Effective leaders do not use their position or title to lead. They lead because they are focused on helping their followers to succeed. Followers seek leaders who influence them. So how do leaders create this influence? Here are five ways leaders get people to follow them. 

Lifeguard

Ineffective Leadership

Early in my professional career, I had a boss who had tremendous influence over me and everyone on his staff. He enjoyed confrontation and challenging people. He did not earn his influence, but rather used the power of his title to lead through intimidation. It was hard to give extra energy to my boss because he sucked so much energy from me through his demands.

Effective Leadership

One of the best bosses I ever had, Tom, was when I was in my early teens and was a lifeguard at our local pool. The entire staff (including me) would do anything for Tom. There were several reasons he had such influence over me including these five principles he applied to his leadership.

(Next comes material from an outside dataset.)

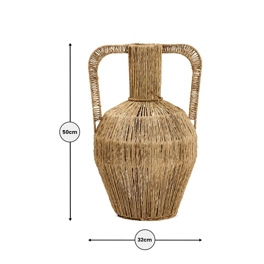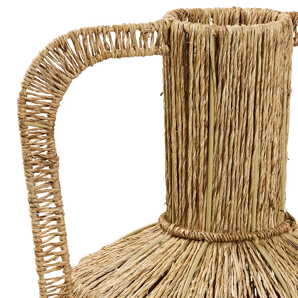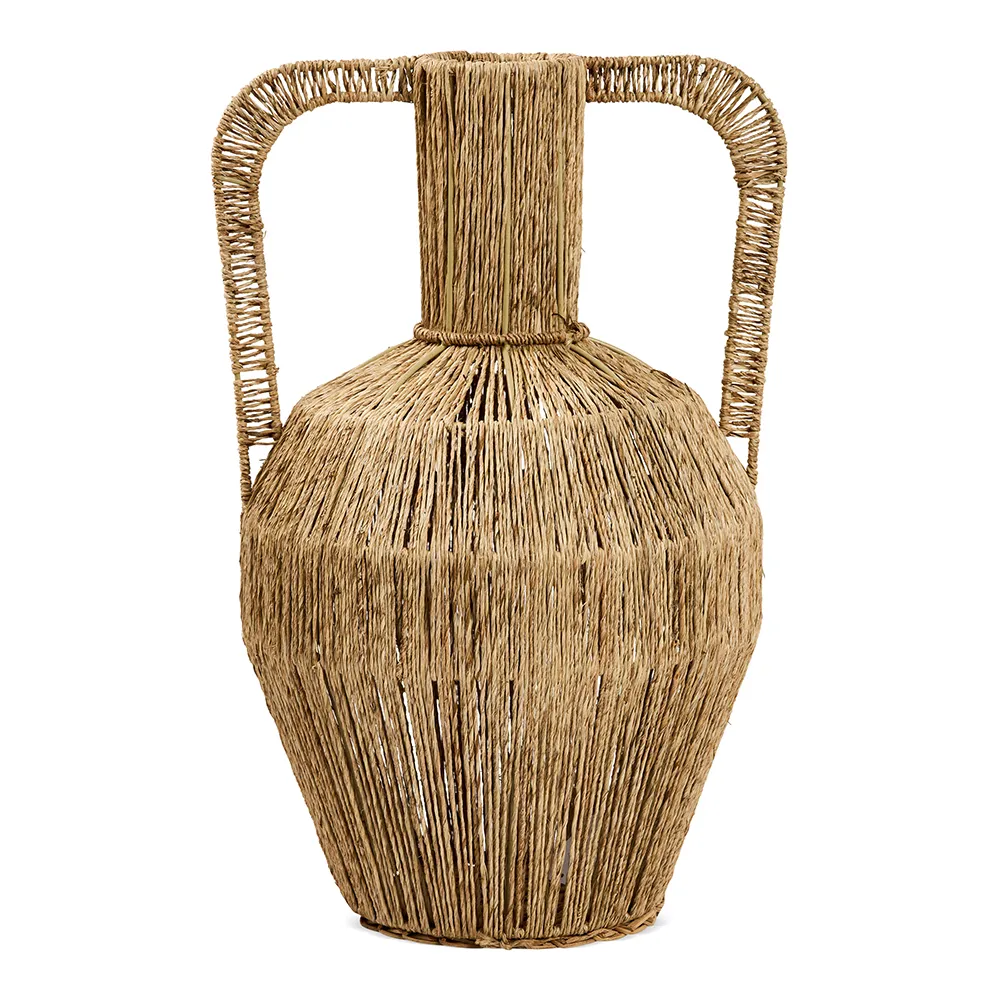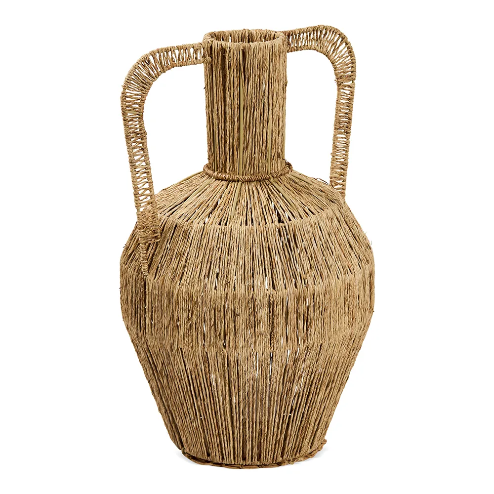 The Rohan Woven Vase is crafted from natural fibers, giving it an organic and warm texture. Its tall handles and sculptural silhouette make it a standout piece for consoles, entryways, or minimal spaces. This vase blends easily with boho, modern, or contemporary interiors, adding depth and character to any room.

  1. I knew he cared about me. “People don’t care how much you know until they know how much you care.” – Theodore Roosevelt. Sure, Tom was smart and had the experience to run the pool, but because he cared about me he gained immediate credibility to ask me to do just about anything. He knew my family, the activities I was involved in in high school, what I liked to do and didn’t like to do, who my friends were, jobs I liked (or was good at doing) and jobs I didn’t like (or wasn’t good at doing). When I knew he knew all this about me, I knew he cared about me.
  2. He did not make me follow him. Of course, I respected his position, but never did I feel his position was a driver for doing my job. Tom was part of the staff that just so happened to be responsible for the results at the pool, and I wanted to be part of his team.
  3. He helped me come to my own conclusions. He discussed with the staff, and we practiced scenarios that could happen at the pool. We discussed and practiced everything from a chlorine leak (which is very bad), to words to use with an irate patron, to saving a drowning victim, to picking up trash that we notice. He also would discuss these scenarios one-on-one with me when there was opportunity, and he asked me what I would do. Not to catch me making a mistake, but to give me confidence that I knew what do to (and what he expected me to do).
  4. When necessary, he simply made decisions that needed to be made. Leaders can’t always influence to make their own decisions. Sometimes leaders need to make a decision. There were some cases that there was no obvious best decision, but because of limited time, or the decision was bigger than anyone on the staff should have to make, Tom simply decided and announced his decision. Even if it was a bad decision, as the leader making a bad decision and owning it is better than making no decision. Making decisions in these times increased my respect for him.
  5. Tom did not ask me or anyone to do anything he wouldn’t do himself. Often times I would show up to work before the pool opened finding Tom pulling weeds, or mowing the grass, or cleaning toilets, or taking trash out, or trimming bushes, or cleaning the check-in counter. There was no limit to the “low life” jobs he would do. So, when he asked me or anyone else to clean the soda pop sticky mess, or the mildew under the diving board, or the diaper left in the baby pool area, I simply did it. And, I know anyone else on the staff would have done it too (because I saw them do it).

Being the boss does not mean bossing people around. It is about being responsible for getting work done. A leader gets the work done whether they do it or ask someone else to do it. The bottom line is how the leader treats their followers that makes followers want to follow them.

Who is the most effective leader you know?
What are five words you would use to describe their effectiveness as a leader?